Just the way the sun comes up every morning and the new day provides fresh opportunities to rise to challenges, overcome obstacles, and be a contribution, so does what happens after a moderator says “Hi, my name is _______and today’s topic of discussion is about __________.”   At that point it is a new game, with new players, and a fresh ball. How the game goes is totally up to the moderator.

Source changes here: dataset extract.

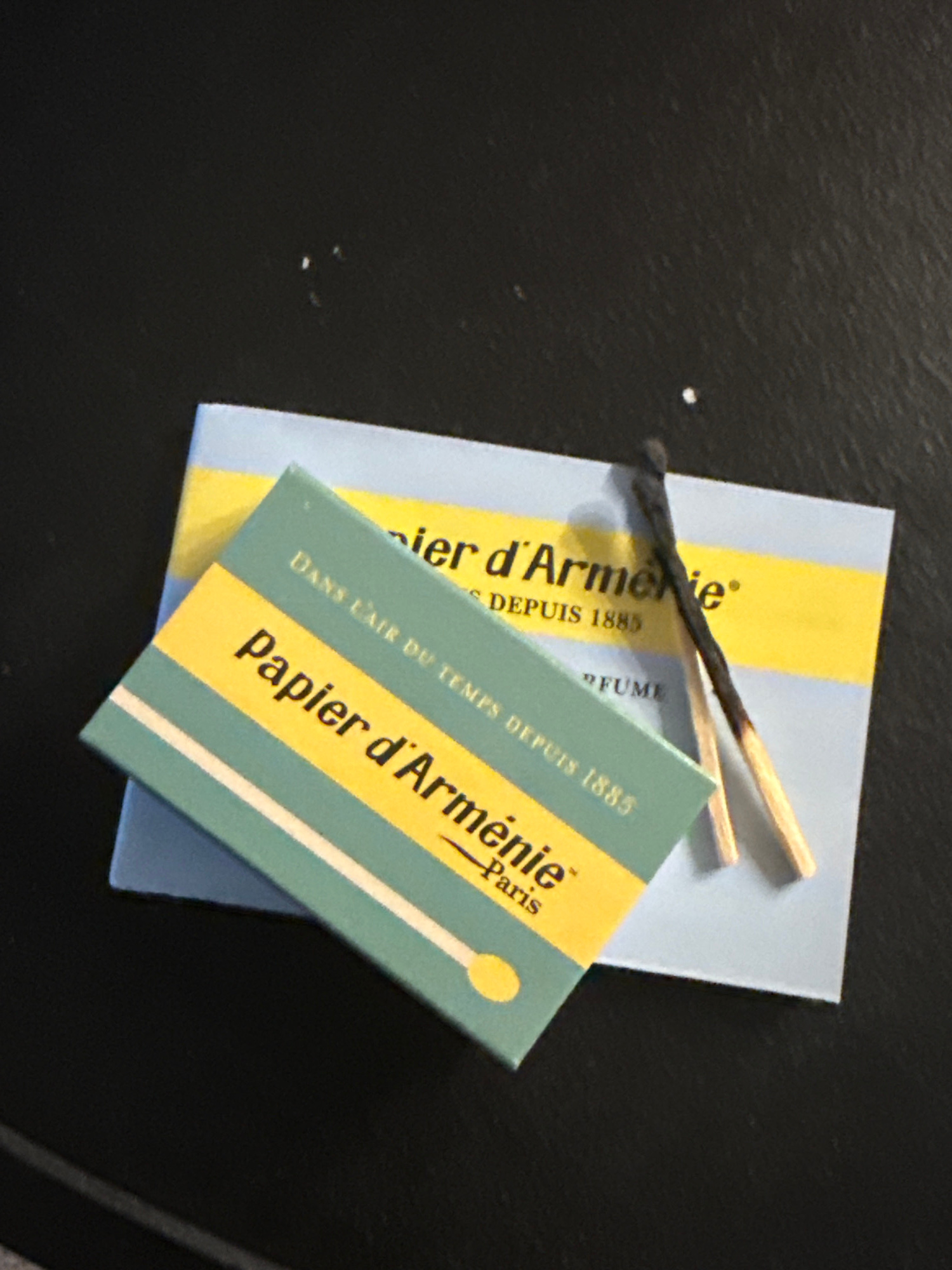 The image shows two booklets of Papier d'Arménie, a type of incense paper, with two matchsticks lying on top. One match is unused, while the other is burned. The booklets are light blue and teal with…read more

How do Master Moderators make the new game a winning game for themselves, for their clients, and for respondents? RIVA believes that the elements that contribute to a three-way win live in these principles:

  • Stellar clarity on the study purpose – what is this research supposed to find out?
  • Logical guide that flows from general to specific
  • Short questions that can be easily answered
  • Honoring the 2/3rds rule – not moving on with discussion topic until at least 2/3rds of respondents have provided insights / answers
  • Variety of probes to keep the conversation lively and to move to more “below top-of-mind” answers
  • Activities and interventions [short ones] that move away from the boring “I ask – you answer” model of group discussion
  • Keeping the conversation focused and on purpose – managing not only content but process as well

Along with the principles outlined above there is an expectation that a Master Moderator will also create rapport with ease, move the conversation along by deflecting tangents and keep respondents so engaged they forget the mirror and their filters “blurting” out insights in a quest to be heard and acknowledged.

Respondents who feel like ‘research partners’ in the group discussion typically offer more than those who feel grilled and drilled by invasive questions and robotic moderators.

In September of 2012, RIVA is hosting a two-day conference “The RIVA Revue” providing an opportunity for participants from all walks of the research community: in house and freelance moderators, buyers of qualitative services, teachers of market research, et al, to join together to polish their skills through workshops and presentations from Master Moderators.

One showcase event at this conference is a Panel of Clients from Fortune 500 companies who buy the services of qualitative researchers. They have some clear examples related to how “staying present” with the project and the researcher is more useful than holding on to past histories. For more information about that workshop and the conference in general, log on to http://www.rivainc.com/events/riva-revue.php

Some final elements to remember about being a good researcher in your next project:

  1.  You can always do better than in the past
  2.  You have a new opportunity to demonstrate “mastery”
  3.  Serve this client’s needs in this moment – truly being present and of service at this point in time and more opportunities will present themselves to do it again.